David Cameron will warn Angela Merkel today that the eurozone's future is in grave peril unless she orders action within weeks to rescue struggling economies such as Greece and Spain.
The Prime Minister, who flies to Berlin today, will tell the German Chancellor of fears in Britain and the United States that delays in tackling the crisis could prove fatal to the currency's chances of survival.
He is backing French calls for eurobonds to be issued to allow Mediterranean countries to borrow at reduced rates. But the suggestion has run into strong resistance in Germany, among both politicians and the public.
Downing Street said yesterday that Mr Cameron and President Barack Obama, who spoke to each other on Tuesday, had agreed on the need for an "immediate plan" to deal with the eurozone's chronic problems. Mr Cameron's move is designed to increase pressure on Ms Merkel to agree immediate action at next week's G20 summit in Mexico ahead of a meeting of EU leaders in Brussels later this month. He runs the risk of irritating Berlin by appearing to lecture Germany over the future of a currency of which Britain is not a member.

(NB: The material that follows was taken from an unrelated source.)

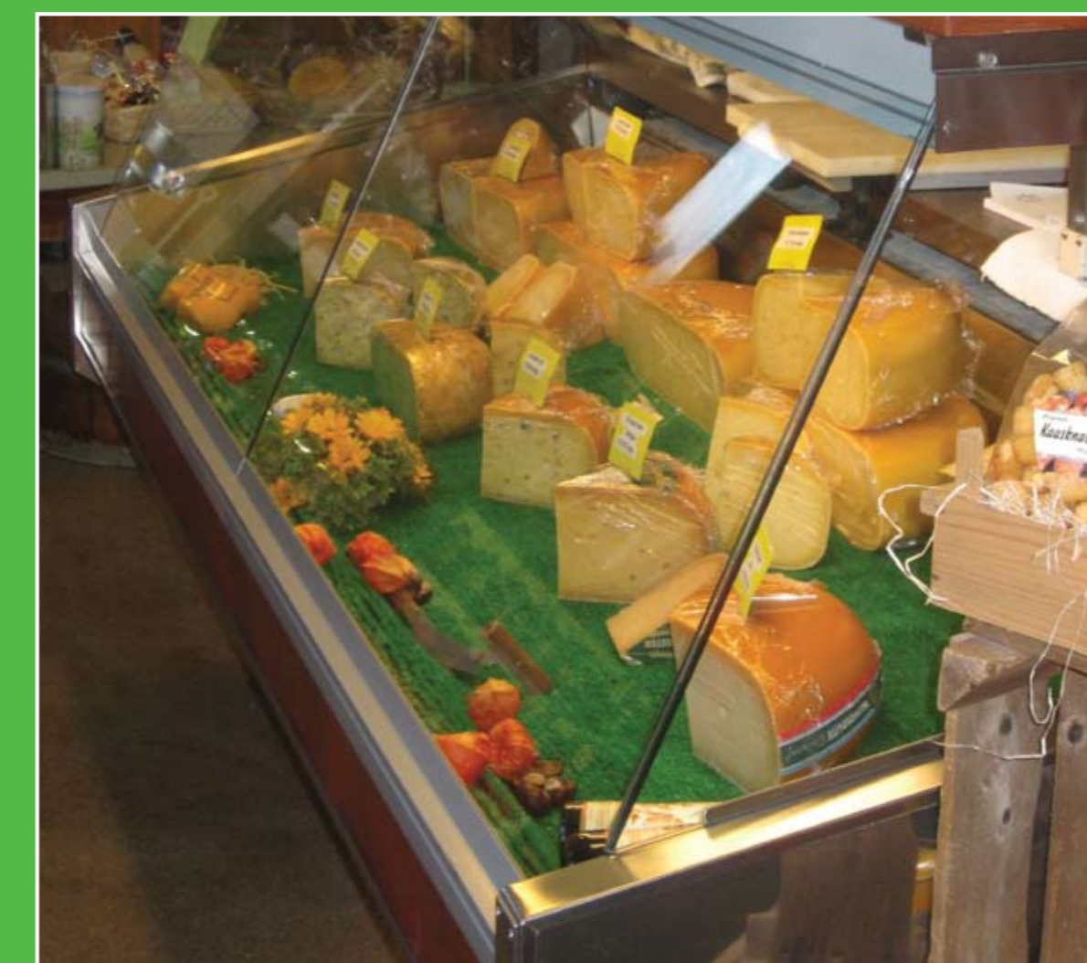
④ Kaasboerderij De Kastanjehoeve

Adres: Lekdijk 48, Langerak. Openingstijden: di-vr-za 10.00-17.00 uur.

But Mr Cameron's aides say he cannot avoid speaking out as the survival, and stabilisation, of the euro is essential for helping the economy to start growing again. Last month, the Prime Minister argued there was a "remorseless logic" to the eurozone's wealthier members helping those that were in trouble.
A Downing Street spokeswoman said yesterday: "The Prime Minister's view has always been that decisive action needs to be taken in order to underpin the eurozone. Confidence in the markets is essential, and in order to regain that confidence decisive action needs to be taken."